Please, without any pictures, set down exactly the part of the listing below that opens with the line containing "صدر العدد 116" and closes with the line containing "SurfaceDetox is a".

• _EXCERPTED RECORDS_
★ ★ ★ ★ ★ ★ ★
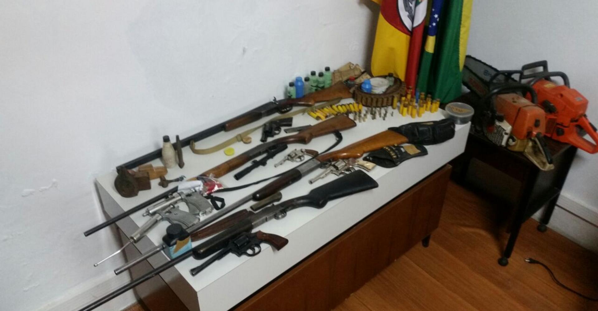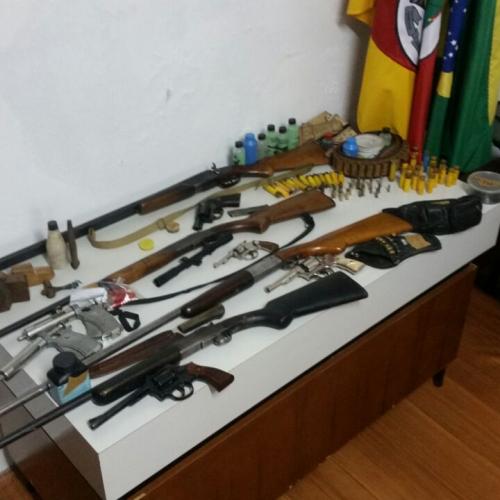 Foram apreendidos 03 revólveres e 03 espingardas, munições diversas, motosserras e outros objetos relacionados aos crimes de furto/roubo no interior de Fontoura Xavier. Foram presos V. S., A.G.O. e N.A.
★ ★ ★ ★ ★ ★ ★
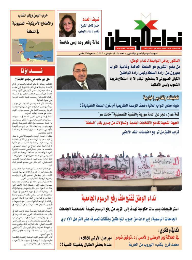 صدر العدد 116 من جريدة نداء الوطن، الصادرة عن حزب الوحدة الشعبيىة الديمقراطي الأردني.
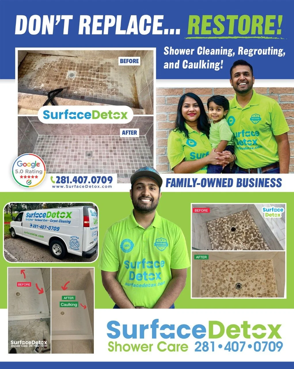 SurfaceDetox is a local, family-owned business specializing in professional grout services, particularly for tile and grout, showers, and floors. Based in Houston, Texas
★ ★ ★ ★ ★ ★ ★
• _RESPONSE_
 صدر العدد 116 من جريدة نداء الوطن، الصادرة عن حزب الوحدة الشعبيىة الديمقراطي الأردني.
 SurfaceDetox is a local, family-owned business specializing in professional grout services, particularly for tile and grout, showers, and floors. Based in Houston, Texas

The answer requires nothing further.